In a world where governments can in effect print money in most situations, inflation will be the predominant problem. That does not eliminate the possibility of deflation. In fact, it seems probable to me that sooner or later we will have a bout with deflation. We have had so much debt expansion relative to our ability to pay off that debt (see chart from ContraryInvestor.com), at some point the cycle will change and the debt will have to contract. That in turn will create a situation that economists call "pushing on a string." All attempts to stimulate the economy will fail because people will not (cannot) borrow any more, and deflation will result.
But for now, inflation is the concern of the Fed. Al Greenspan will not want to leave as his legacy an inflationary spiral. For this reason he is even more than normally concerned about the rising inflation situation. He will keep pushing on the breaks until the Fed sees results on this front.
Short term interest rates have been increasing for two years. Are we experiencing tight money? Not yet, at least. Note that the fed funds rate is about 3.25. The year-over-year CPI is about 3. So the spread is only about 25 basis points. The historical spread is 150 to 200 basis points. So on that basis, we really have an easy money policy by the Fed, not tight money. It would seem reasonable to expect that the Fed will eventually reach the normal spread over the CPI if they really want to control inflation. So interest rates are probably going higher.
Over time there has almost always been inflation, at least since the founding of Federal Reserve Board. But where inflation finds its focus tends to rotate. In the early 1980's it was the price of money (interest rates). In the late 1990's it was technology stocks. Today, important commodities like copper and oil are at record highs and climbing. Also, look at home prices. The rate of increase in home prices nationally has been steadily growing from 2.6% in 1996 to 12.5% in 2005. What has lagged lately is the Consumer Price Index, the most visible measure of inflation (http://www.bls.gov/cpi/home.htm).
What if the focus of inflation hones in on the price of goods that make up the CPI while home prices and industrial commodity prices cool off? That would be an interesting situation for the Fed. They might worry that a slide in housing prices would hurt consumer spending, and begin to ease. On the other hand, since the CPI is so visible, they might have to tighten further. If the CPI moves on up, let's say to 5% or higher, one could envision the Fed moving short rates to 7%.
Another possible outlet for the inflationary trends in the economy is gold. Gold really has not gone up that much, especially versus stock prices.
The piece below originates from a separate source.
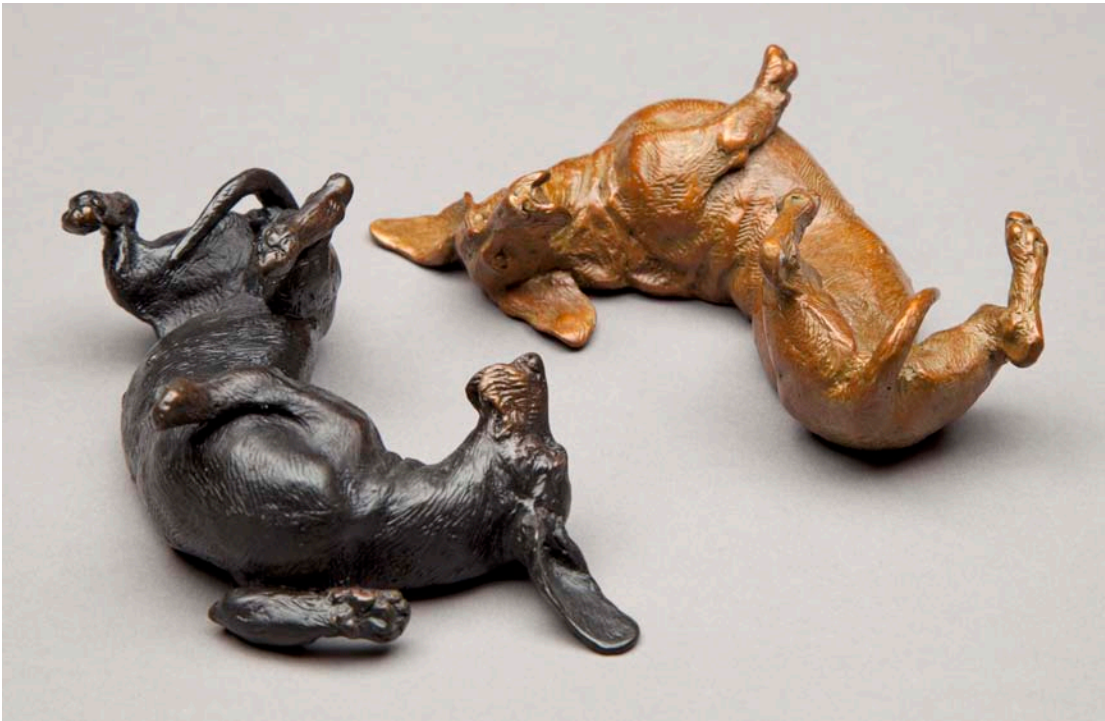
"A Good Life" Wire 1:6 Scale, Approx. 5"L, Bronze, Edition: 50 & 5 Artist's Proofs ©2011

We have shown the chart below before. It shows the price of gold versus the S&P 500. There is a cycle here that favors gold.
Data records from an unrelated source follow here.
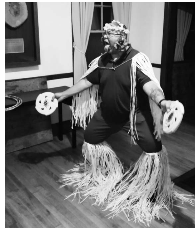
Luau Night at Londonderry Grange in August.
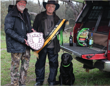
LRC of WA - RESTRICTED
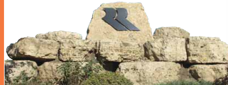
Rock Road Companies, a family-owned business in Janesville, is one of the largest heavy construction road building and asphalt companies in southern Wisconsin.
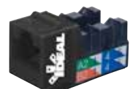
Black - BK

So what does all this mean to investors? Perhaps the best bet on a risk/reward basis is high quality short-term debt instruments - T-Bills. Perhaps even better are general obligation debt instruments of states that have a balanced budget requirement, such as Texas. I think this cash component of one's portfolio should be at least 50%.
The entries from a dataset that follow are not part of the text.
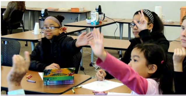
Interactive nutrition seminar in Bridgeport
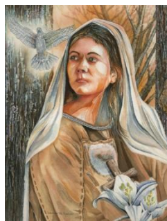
St Kateri Memorial Fri 14 July
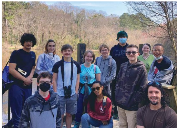
Georgia Urban Ecologists at Clyde Shepherd Nature Preserve.

The Master Birder program, with two divisions routinely offered in Atlanta, has now successfully partnered with other Audubon chapters in the Savannah area, co-hosted
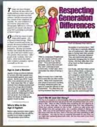
E050 Respecting Generational Differences WHAT: "Ageism" and its cost; attitudes and values of different generations- boomers, X, Y and beyond; why we can't get along, and how to start making it happen. WHERE TO USE: Conflict resolution, individual sessions, brown-bag seminars.

The balance should be very diversified and should include some gold and some short sales or bear funds. Especially if I lived on either coast, where the real estate market has been so hot, I would sell my house. And certainly, get out of debt.
I have always liked small and microcap stocks for growth. If you can bear the high risk, take a small part of your portfolio and put it in small companies that have the potential for accelerating sales growth, such as those on our Special Situations list. Today's attack in Britain is a reminder of the terrorist threat and the continued opportunity in homeland defense stocks, in which we are represented on our list.